-- Opening Marker --

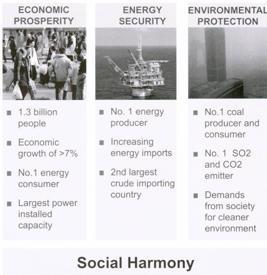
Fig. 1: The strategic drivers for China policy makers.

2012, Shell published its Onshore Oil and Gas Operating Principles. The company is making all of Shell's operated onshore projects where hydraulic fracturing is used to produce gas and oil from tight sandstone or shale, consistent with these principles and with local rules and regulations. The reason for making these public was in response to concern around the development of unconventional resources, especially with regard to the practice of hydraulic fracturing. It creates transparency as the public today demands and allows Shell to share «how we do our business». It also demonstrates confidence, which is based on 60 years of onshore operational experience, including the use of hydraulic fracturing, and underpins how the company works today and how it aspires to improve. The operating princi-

-- Closing Marker --
-- Opening Marker --

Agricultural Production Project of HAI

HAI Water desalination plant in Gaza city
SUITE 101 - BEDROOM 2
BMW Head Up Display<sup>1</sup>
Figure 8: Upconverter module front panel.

-- Closing Marker --
-- Opening Marker --

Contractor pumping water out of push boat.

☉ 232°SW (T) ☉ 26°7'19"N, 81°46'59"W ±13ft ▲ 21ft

-- Closing Marker --

ACTION ITEM — Using the material above, transcribe exactly the lines from the line with "SUITE 101 - BEDROOM 2" to the line with "Figure 8: Upconverter module front panel."; both count, and nothing else goes in.

SOLUTION TO THE PROBLEM —
SUITE 101 - BEDROOM 2
BMW Head Up Display<sup>1</sup>
Figure 8: Upconverter module front panel.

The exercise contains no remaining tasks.